● WHAT YOU NEED TO DO
Restate word for word the part of the material that runs from the line containing "In Februari 2025" through its final line, inclusive, minus the pictures.

● DATA PROVIDED
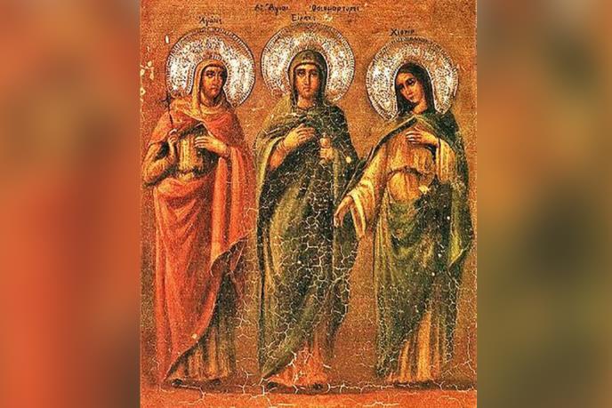 Srpska pravoslavna crkva slavi svete mučenice Agapiju, Hioniju i Irinu. One su bile sestre rođene, iz okoline Akvileje (ili Soluna). Kada je car Dioklecijan bio u Akvileji naredio je da se pogubi znameniti duhovnik Hrisogon. U to vreme neki stari prezviter Zoil je, kako hrišćani veruju, imao viđenje kojim mu se otkrilo, gde se nalazi telo Hrisogonovo nesahranjeno.
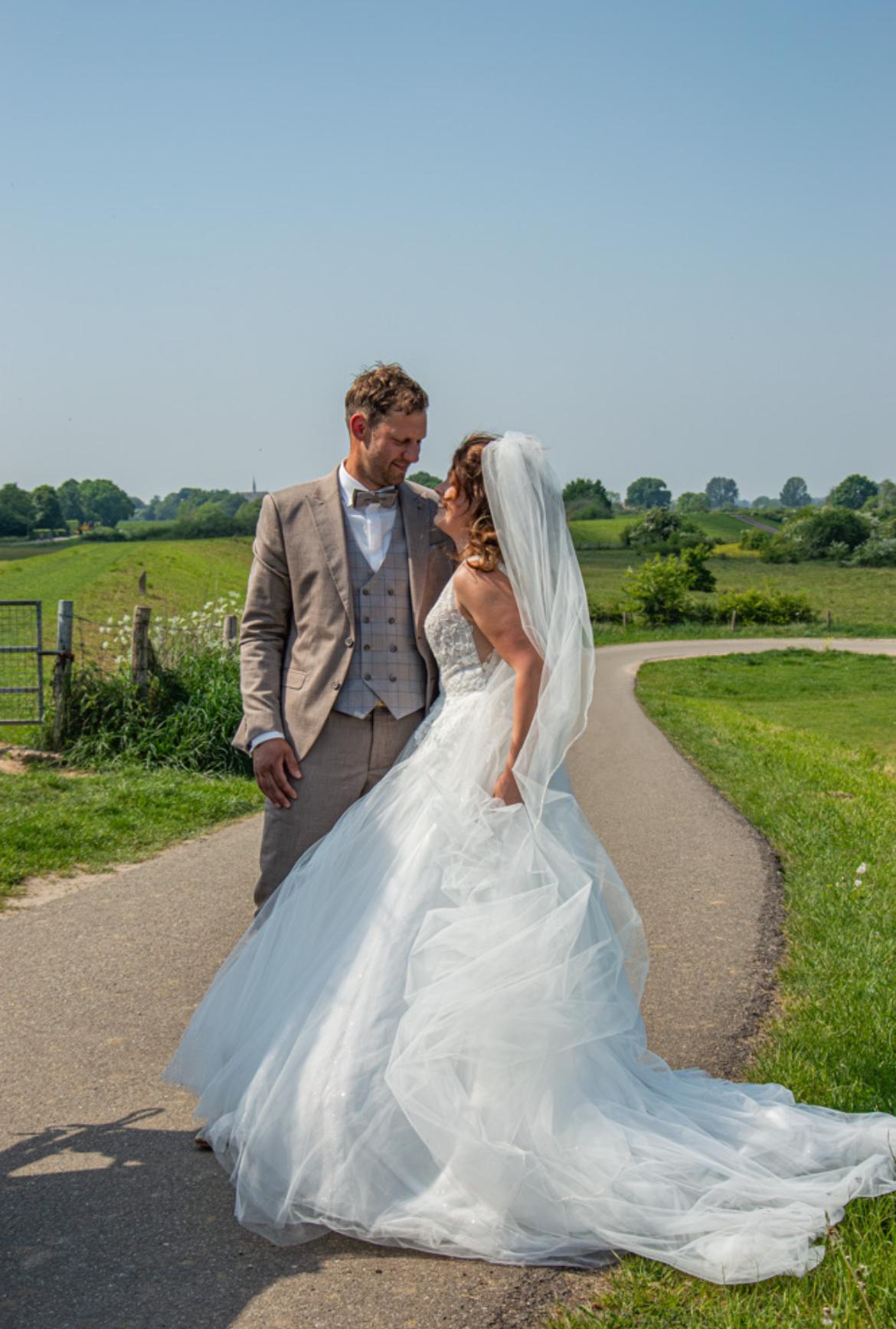 In Februari 2025 zijn wij getrouwd, hiervoor kwam ik bij Bruidshuis Diana om mijn droomjurk uit te zoeken. Super geholpen door Jessica die mij verschillende opties gaf. Ik werd direct verliefd op de 2e jurk en wilde eigenlijk al direct “ja” zeggen, maar op advies van mijn moeder toch nog wat andere jurken gepast. Het is uiteindelijk toch nummer 2 geworden! Ook de pasafspraken verliepen prima, waarbij je ook direct goede tips krijgt zoals draaien en lopen met zo’n jurk, en het opspelden van de sleep voor de avond. Ik heb me super fijn en mooi gevoeld in mijn droomjurk, we hoopte op mooi weer en dat hebben we ook zeker gekregen waardoor ook de glitters super mooi te zien waren.
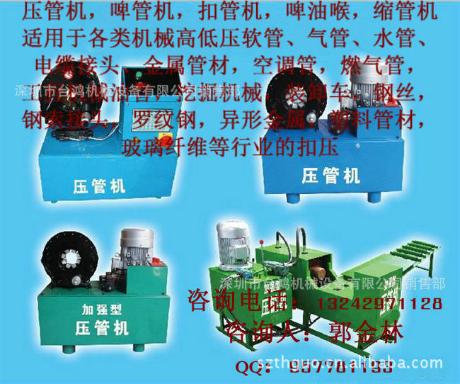 台鸿機械設備有限公司是华南第一大 压管机 厂家,提供优质的 ,产品遍布全国25多个省市自治区,联系电话13242971128郭金林QQ957781193.

● ANSWER TO THIS TASK
 In Februari 2025 zijn wij getrouwd, hiervoor kwam ik bij Bruidshuis Diana om mijn droomjurk uit te zoeken. Super geholpen door Jessica die mij verschillende opties gaf. Ik werd direct verliefd op de 2e jurk en wilde eigenlijk al direct “ja” zeggen, maar op advies van mijn moeder toch nog wat andere jurken gepast. Het is uiteindelijk toch nummer 2 geworden! Ook de pasafspraken verliepen prima, waarbij je ook direct goede tips krijgt zoals draaien en lopen met zo’n jurk, en het opspelden van de sleep voor de avond. Ik heb me super fijn en mooi gevoeld in mijn droomjurk, we hoopte op mooi weer en dat hebben we ook zeker gekregen waardoor ook de glitters super mooi te zien waren.
 台鸿機械設備有限公司是华南第一大 压管机 厂家,提供优质的 ,产品遍布全国25多个省市自治区,联系电话13242971128郭金林QQ957781193.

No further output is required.